Question

Find the value of the following expression when x=-1
${{x}^{2}}+2x+1$

Answer 1

Hint: In this case the form of the function and the value at which it is to be evaluated is given. Thus, we have to simply put the given value of x in the expression to find the value of the function at that specific value of x.

Complete step-by-step answer:

In the question the functional form of the expression is given as ${{x}^{2}}+2x+1$. We have to evaluate this expression at the point x=-1. Therefore, we can find the different terms of the expression at the given point and add them according to the expression to find the required answer.

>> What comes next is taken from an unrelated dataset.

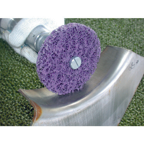 카탈로그 품번:NPS-10013 특징:●워크를 지나치게 깎아내지 않고, 표면만을 연마합니다. ● 막히지 않고 연마력이 우수합니다. ●종래품의 약 2배의 연마력으로 장수명입니다. 용도 : ● 페인트 벗겨, 녹 제거, 퇴적물 제거. ● 용접 작업 전후 처리. ●알루미늄・스테인리스・다이캐스트의 마무리 연마. 사양:●외경(mm):100●폭(mm):13●최고 사용 회전수(rpm):5800●색:보라●구멍 직경(mm):6●최고 사용 회전수:5800rpm 재질/마무리:●특수 극태 부직포 ●축:스틸 주의:●축은 별매입니다. ●작업 시에는 반드시 안전 모자, 안전 안경 등의 보호구를 착용하십시오. ●최대사용 회전수를 초과하여 사용하지 마십시오.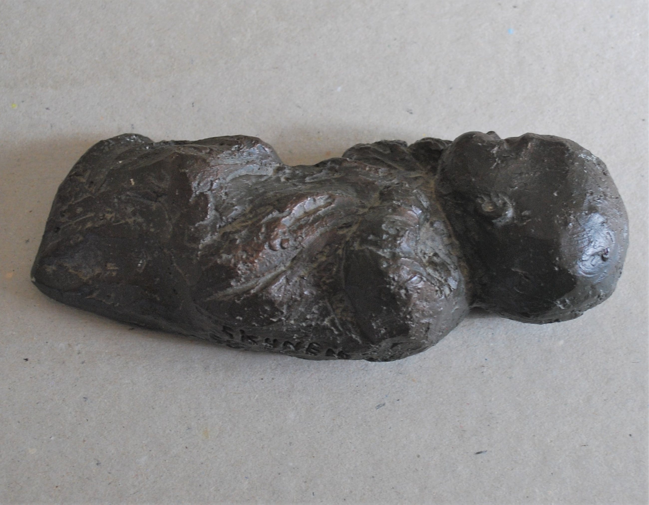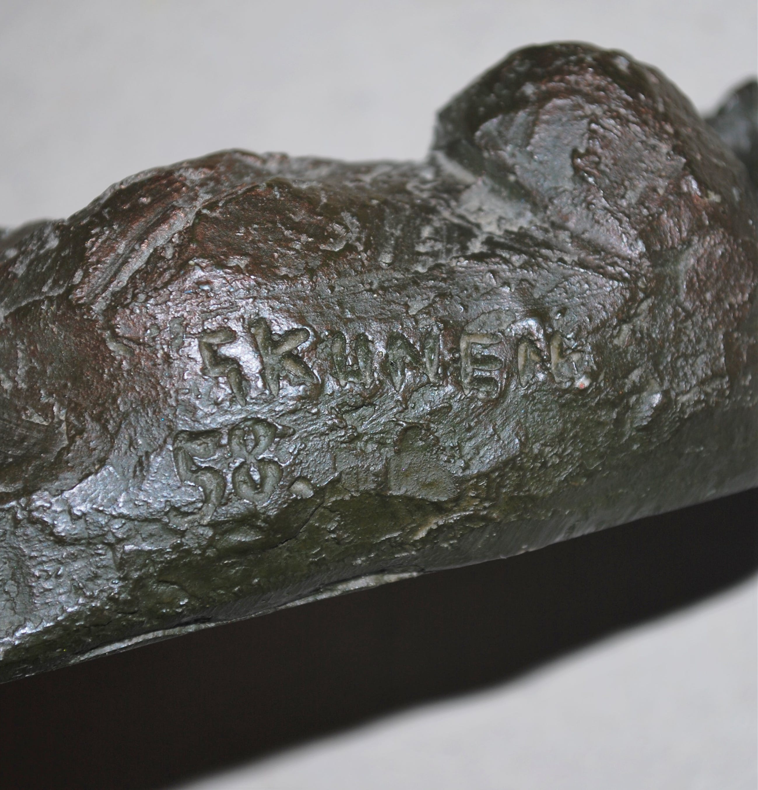 Verbronst keramieken beeldje, gesigneerd aan de achterzijde, met het nr. 58

At the point, $x=-1$, the first term in the expression will be given by

${{x}^{2}}={{\left( -1 \right)}^{2}}=-1\times -1=1................(1.1)$

And the second term will be given by

$2x=2\times -1=-2...........(1.2)$

And as the third term does not have any x dependence, it will retain the value of 1.

Therefore, from equations (1.1) and (1.2), we obtain

The value of ${{x}^{2}}+2x+1$ at $x=-1$ is equal to $1+(-2)+1=0$.

Therefore, the answer to the given question should be equal to zero.

Note: We could also have used the identity ${{\left( a+b \right)}^{2}}={{a}^{2}}+2ab+{{b}^{2}}$ with a=x and b=1 to find that ${{\left( x+1 \right)}^{2}}={{x}^{2}}+2x+1$ which the expression given in the question. Thus, at x=-1
${{x}^{2}}+2x+1={{\left( x+1 \right)}^{2}}={{\left( -1+1 \right)}^{2}}={{0}^{2}}=0$ which is the same value as obtained by the method given in the solution.